No se quebrará la rama

James Wright

Vaso Roto, 2014

ISBN: 978-84-15168-85-0

112 páginas

17 €

Traducción de Antonio Rivero Taravillo

Edición bilingüe

 

 

Coradino Vega

Es mucho lo que los lectores en español de poesía, y de la norteamericana contemporánea en particular, debemos agradecer a la editorial Vaso Roto. Y no sólo por el cuidado de sus libros, con esas hermosas cubiertas ilustradas espléndidamente por Víctor Ramírez, con su calidad de papel y sus esmeradas traducciones, sino también por el rescate y la divulgación de un cuerpo poético de una riqueza ilimitada que va más allá de la antología de Jeannette L. Clariond y Harold Bloom titulada La escuela de Wallace Stevens, en la que ya se encontraban algunos de los autores, como W.S. Merwin o Charles Wright, cuya obra ha ido poco a poco publicando. Leyendo a los mejores poetas estadounidenses de la segunda mitad del siglo XX —ojalá alguien repare también en publicar aquí a Jack Gilbert y Galway Kinnell— uno desbarata rápidamente el prejuicio de quienes consideran esta poesía, como dice Clariond, simple, superficial, egocéntrica o propia de los habitantes de un imperio. Porque es precisamente por vivir en un imperio que estos poetas se rebelan con toda la fuerza del dolor, el extrañamiento y la indignación, y resultan tan minoritarios en su país como en el extranjero. Tan distintos como son entre sí, muchos de ellos tienen una cualidad poco notoria que mezcla la discreción con la rareza, un componente ‘outsider’ que no prescinde de cierto anonimato con una apariencia exenta de malditismo público. Algunos fueron o son profesores universitarios de literatura, pero más bien parecen que lo son o fueron de ciencias. A la manera particular de cada uno, la mayoría son unos ‘mavericks’, exponentes de esa combinación de lo artísticamente heterodoxo con un anclaje en la realidad del que ya hablamos aquí hace tiempo. Y uno de los ejemplos más excepcionales de esa nómina de raros fue con creces James Wright (Ohio, 1927 – Nueva York, 1980), ausente de la antología de Bloom pero quizás superior a muchos de los que sí aparecen.

Deudora de cierto formalismo anglosajón en su primera etapa, la obra de James Wright despegó con su profunda originalidad a partir de No se quebrará la rama, publicado por primera vez en 1963, y que con el tiempo ha pasado a ser un poemario seminal: un libro que, a pesar del aislamiento en el que nació, se ha ido convirtiendo en uno de los textos fundacionales de la poesía norteamericana moderna.
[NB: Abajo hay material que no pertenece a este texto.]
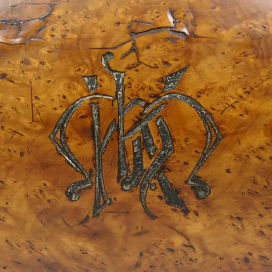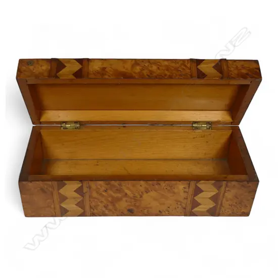 inlaid design to the slightly domed lid along with carved initials, design continues down the front of box. 285 x 110 x 105mm. Provenance: From the collection of the late John Statham.
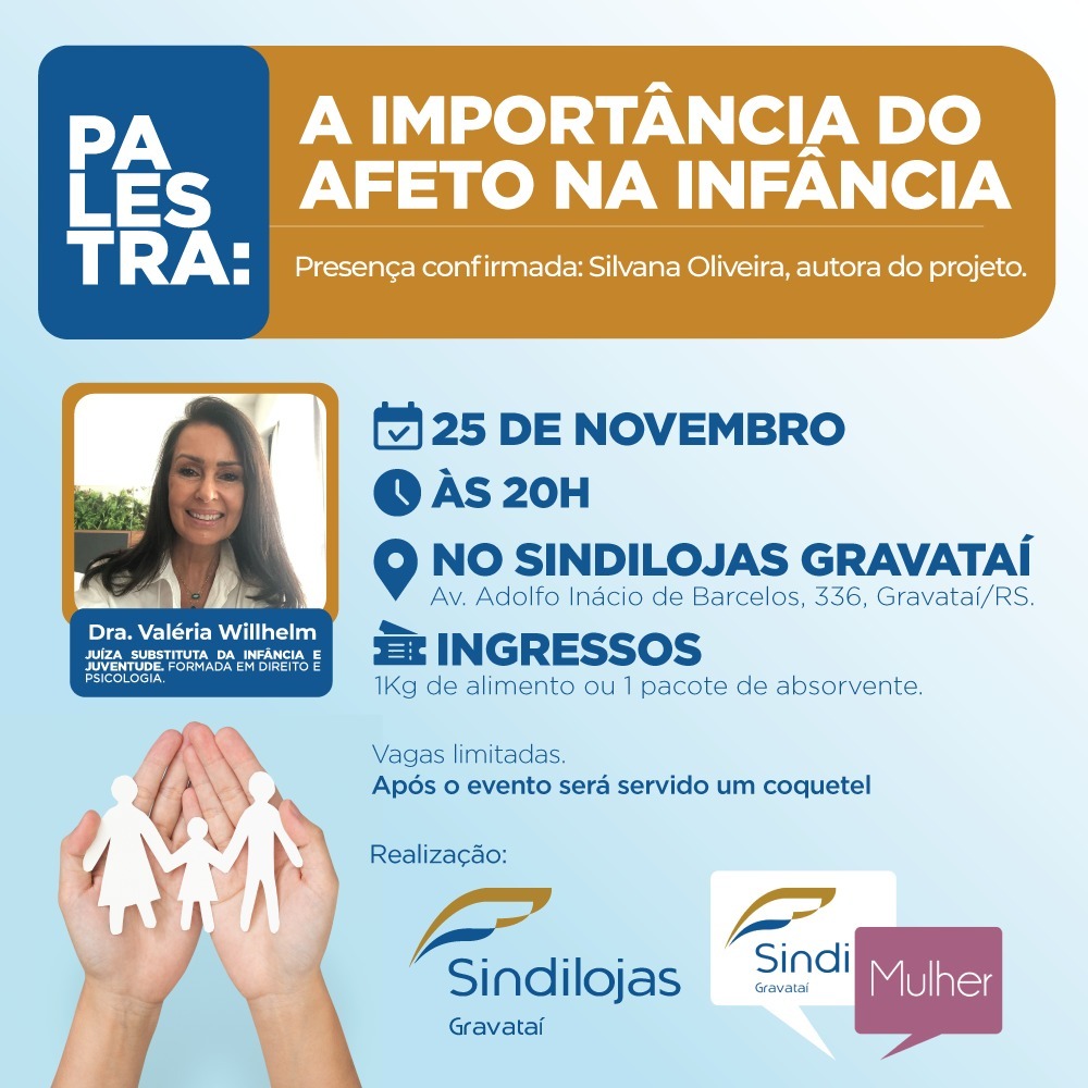 O Sindilojas Gravataí, por meio do Sindimulher, realiza palestra sobre A importância do Afeto na Infância, no dia 25 de novembro, quinta-feira, às 20h, na sede da entidade. A palestra será ministrada pela psicóloga e advogada, Juíza Substituta da Infância e Juventude, Dra. Valéria Willhelm.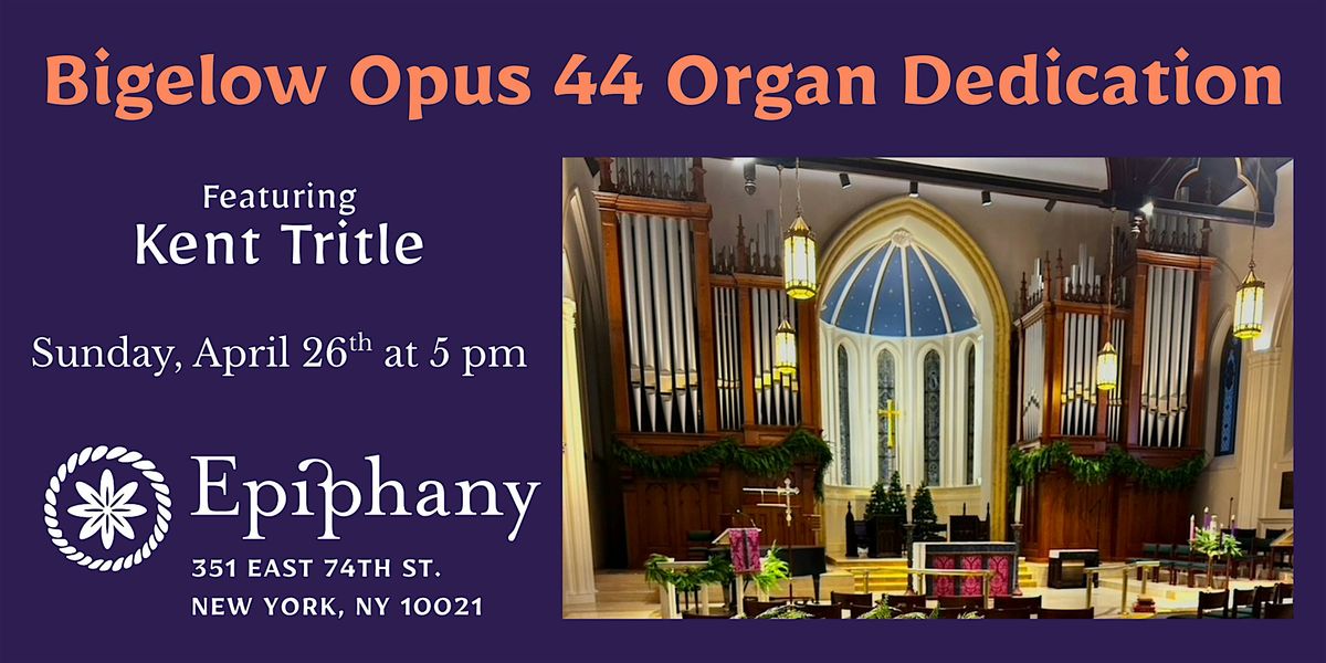 The Church of the Epiphany is delighted to announce the dedication of its new Bigelow Opus 44 pipe organ, featuring nationally renowned organist Kent Tritle, who will perform a 75-minute recital.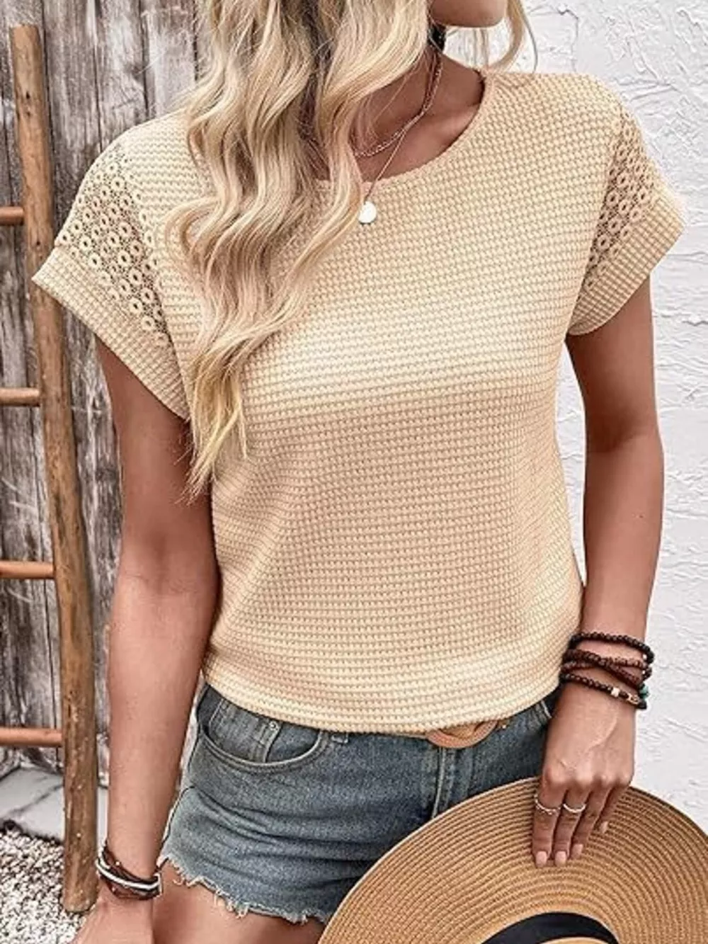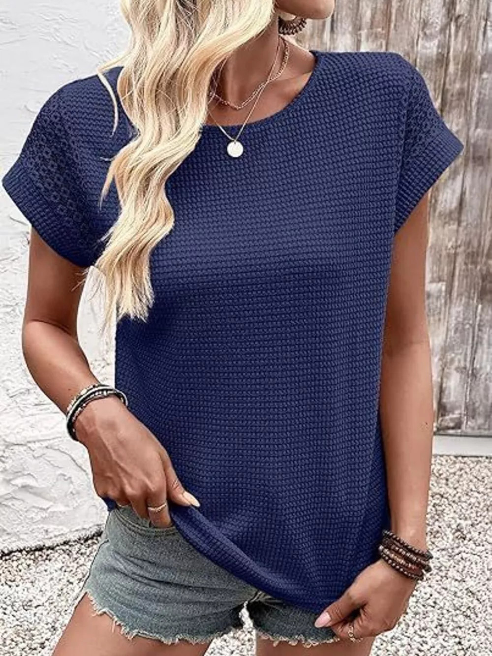 Waffle Knit Short Sleeve T-Shirt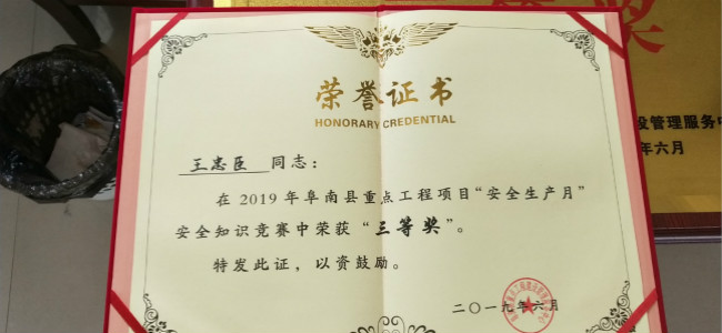 以“防风险、除隐患、遏事故”为主题,倡导绿色安康可持续发展理念; 6月5日,阜南县重点工程建设管理服务中心组织举办的2019年阜南县重点工程项目“安全生产月”安全知识竞赛在S238项目部落下帷幕。阜南PPP项目部员工代表王忠臣表现优异,喜获三等奖。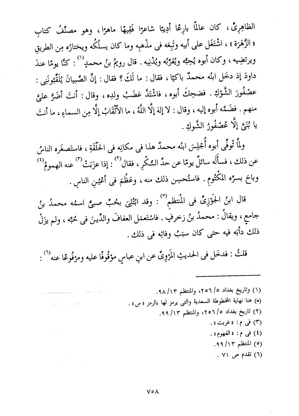 الظَّاهِرِيِّ كَانَ عَالِمًا بَارِعًا أَدِيبًا شَاعِرًا فَقِيهًا مَاهِرًا، وَهُوَ مُصَنِّفُ كِتَابِ " الزُّهَرَةِ " اشْتَغَلَ عَلَى أَبِيهِ وَتَبِعَهُ فِي مَذْهَبِهِ وَمَا كَانَ يَسْلُكُهُ يَخْتَارُهُ مِنَ الطَّرِيقِ وَيَرْتَضِيهِ، وَكَانَ أَبُوهُ يُحِبُّهُ وَيُقَرِّبُهُ وَيُدْنِيهِ.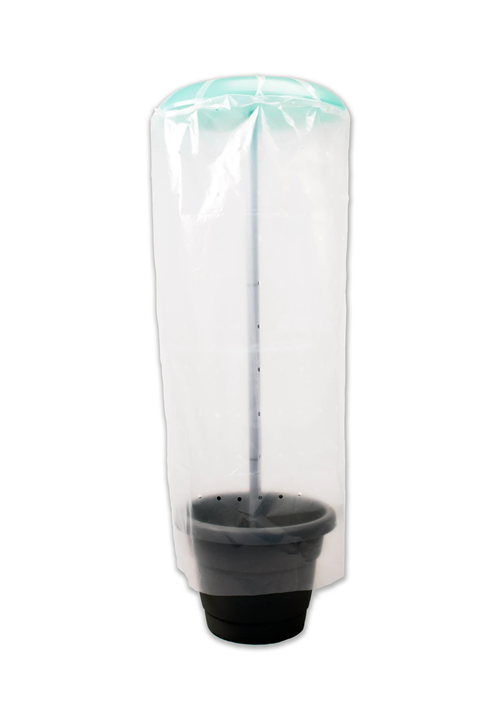Farbe: Pflanztopf und Stab Grau; Tomatenhut: Grün; Folie: Klar.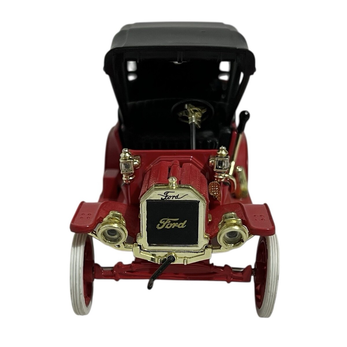 Classic 1909 Ford Model T Touring Car in bright red with ornate brass details and period-correct styling ? great display piece for Ford collectors or vintage diecast fans.
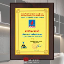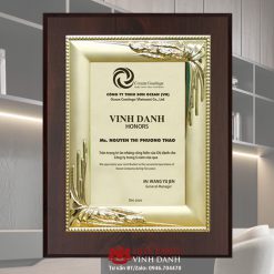 Sản phẩm được làm từ khung gỗ MDF sơn PU, nội dung in trên tấm kim loại.. Thiết kế mẫu và kích thước theo yêu cầu khách hàng. Dạng Bảng vinh danh khen thưởng cá nhân xuất sắc còn dùng tặng trong nhiều sự kiện khác nhau.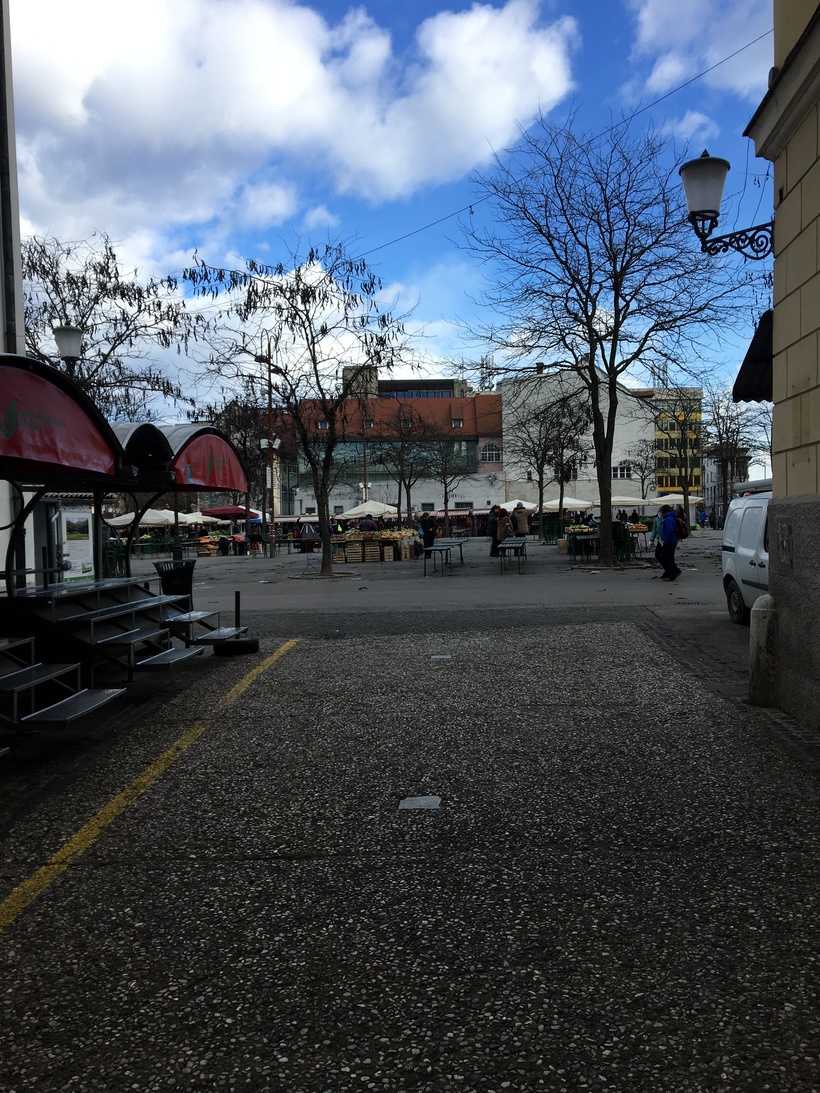 Это показалось мне довольно странным, обычно я всегда обращаю внимание на скульптуры. Может быть она была на реконструкции. Мне жалко было терять время, гуляя по рынку, потому что, покупать мне ничего было не надо, а сказать, что рынок самобытный и словенский, достаточно сложно. Самый обычный рынок. Так я и покинула рынок без особого сожаления, решив для себя прочитать несколько стихотворений на досуге народного поэта Словении -Валентина Водника.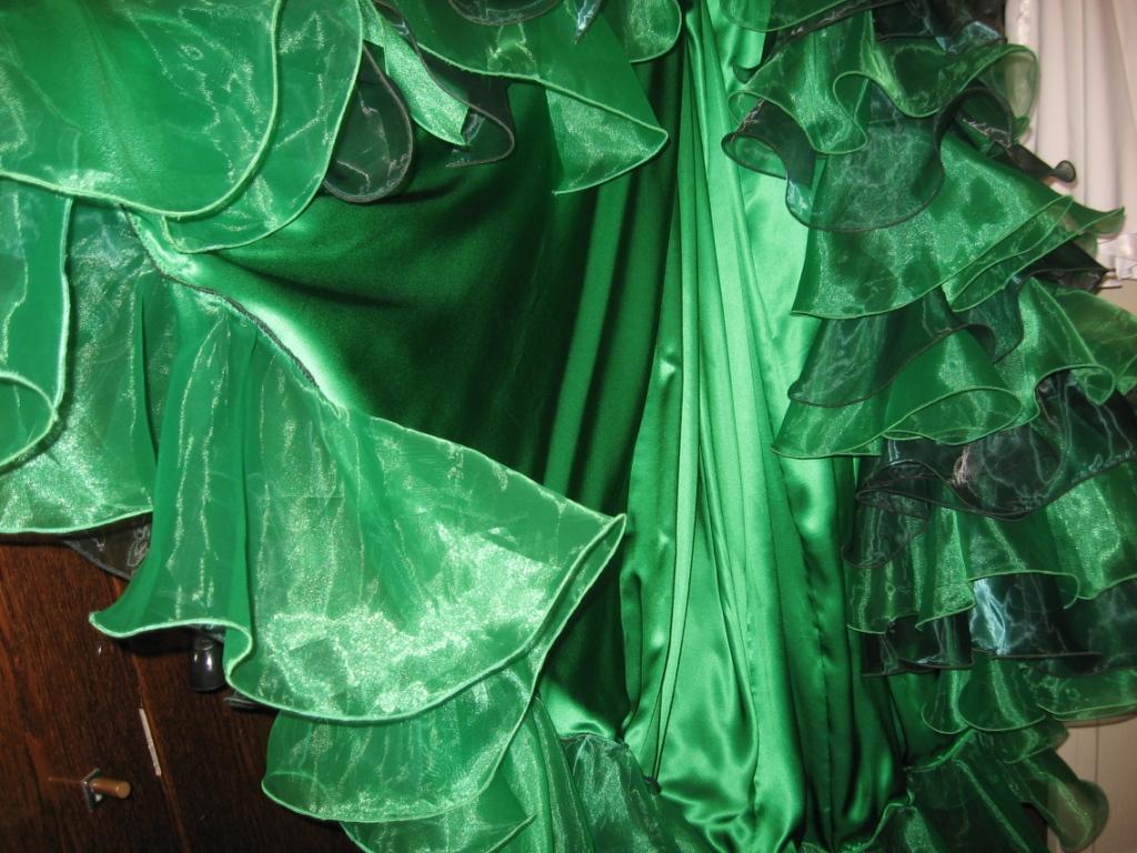 Галина Опубликовано 15 июня, 2009 Автор Поделиться #60 Опубликовано 15 июня, 2009 Юбку, как могла, сфотографировала. Оборки из органзы двух цветов - в тон атласа, визуальная разница только за счет фактур, и черно-зеленый хамелеон. Подкладка - из этого же атласа. Впереди по левой ноге - высокий разрез. Соответственно, при движениях будет видна богатая подкладка. Ну и к телу не синтетическая колючка. Воланы обработаны закруткой с леской. Очень не люблю такие ткани, как капроновая органза (даже в одном помещении с органзой не могу находиться - чувствую ее запах, другие не чувствуют), но именно это захотела хозяйка костюма. Шифон не достаточно пышен, она сказала. Не спросила о сфере ее профессиональных интересов, но похоже на шоу-бизнес. Если так, то выбор понятен. Вся ее семья смотрела юбку, и им понравилось. К этому она заказала какое-то умопомрачительное бисерное колье. Может быть, покажет. ГалинаМой альбом Колодец мечты Ссылка на сообщение Поделиться на другие сайты Поделиться

James Wright fue coetáneo de los poetas de la Generación Beat y de los de la Escuela de Nueva York, pero su origen marcó de tal modo su obra que no tuvo más remedio que ir por su cuenta ante la impronta que le llegaba de cada costa. James Wright nació, estudió y vivió la mayor parte de su vida en el Medio Oeste americano, ejerció la docencia en la Universidad  de Minnesota y no fue hasta sus últimos años cuando se trasladó a Nueva York para trabajar en el Hunter College. De ahí que su poesía tenga poco que ver con el delirio alucinado ‘beatnik’ o la refinada contestación educada en Harvard del Greenwich Village. Su escuela fue la traducción y la revista The Sixties que publicaba Robert Bly.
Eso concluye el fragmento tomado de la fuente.